Officials to Advance Economic Growth, Highlight U.S. Engagement in the Region
FOR IMMEDIATE RELEASE November 18, 2020
Office of Communications (202-565-3207)
WASHINGTON – Export-Import Bank of the United States (EXIM) President and Chairman Kimberly A. Reed will visit Vietnam and the Philippines from November 18 to 24 as part of a U.S. delegation led by National Security Advisor Ambassador Robert O’Brien to advance economic growth and national security cooperation in the region. The delegation also will meet with U.S. officials in Alaska and Hawaii.
“Southeast Asia is a region of importance for the national security and economic interests of the United States. I look forward to meeting our partners and friends in Vietnam and the Philippines to discuss ways to strengthen our bilateral relationships and support a free and open Indo-Pacific region,” said Ambassador O’Brien.
“During my previous visit to the Indo-Pacific region, I heard loud and clear from both government and industry that the Export-Import Bank of the United States has a targeted role to play when it comes to supporting trade, economic growth, prosperity, and jobs in both Southeast Asia and the United States. Building on those meetings, I am honored to join Ambassador O’Brien in important discussions with leaders in Vietnam and the Philippines,” said Chairman Reed. “EXIM stands ready to support the export of high-quality ‘Made in the USA’ goods and services to the region, including through our new ‘Program on China and Transformational Exports.’”
While in Southeast Asia, Chairman Reed will meet with government officials and business leaders to discuss how EXIM can support U.S. exports to these nations. She also will discuss EXIM’s historic, seven-year Congressional reauthorization, which was signed into law by President Trump on December 20, 2019. This legislation directs EXIM to establish a “Program on China and Transformational Exports” to “support the extension of loans, guarantees, and insurance, at rates and on terms and other conditions, to the extent practicable, that are fully competitive with rates, terms, and other conditions established by the People’s Republic of China[.]” The Program focuses on advancing the comparative leadership of the United States with respect to China and also supports U.S. innovation, employment, and technological standards through direct exports in key industries, including 5G, financial technology, renewable energy, biomedical sciences, biotechnology, artificial intelligence, and advanced computing.

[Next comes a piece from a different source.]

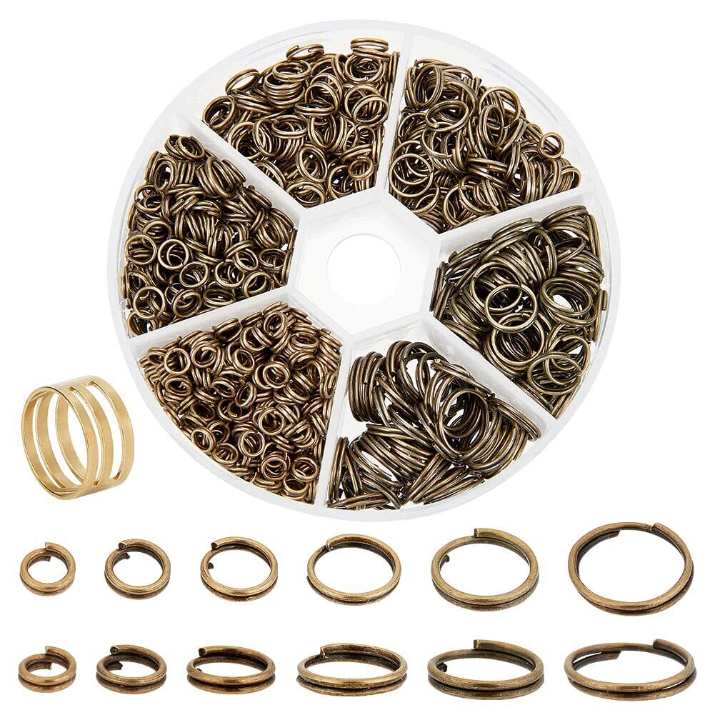 PH PandaHall 6種 鉄製 二重丸カン 4-10mm リング マルカン 丸環 指貫つき 金具セット 基礎パーツ ジュエリー DIY用 アンティークブラウン
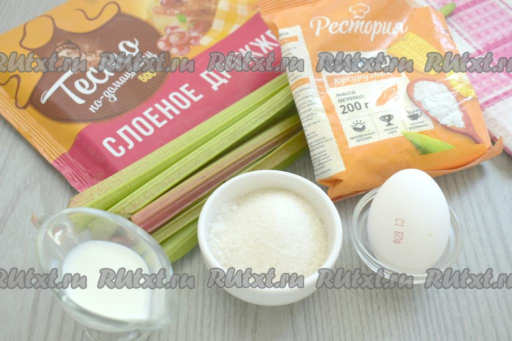 Подготовим продукты. Пирожки с ревенем можно готовить как из слоёного дрожжевого теста (его я в этот раз и купила), так и из бездрожжевого слоёного теста. Крахмал можно взять как кукурузный, так и картофельный. Прежде всего достаём тесто из морозилки и оставляем его размораживаться при комнатной температуре.

This visit to Southeast Asia will build upon Chairman Reed’s previous discussions—including with Prime Minister of Vietnam Nguyen Xuan Phuc—that took place during a U.S. delegation visit to Indonesia, Vietnam, and Burma in October. A key outcome from last month’s visit took place earlier today in Washington, D.C., when Chairman Reed, on behalf of EXIM, signed a $750 million Memorandum of Understanding with the Republic of Indonesia’s Ministry of Finance and Ministry of Planning. The MOU promotes U.S. exports in information and communications technology, energy, infrastructure, health care, and other critical sectors.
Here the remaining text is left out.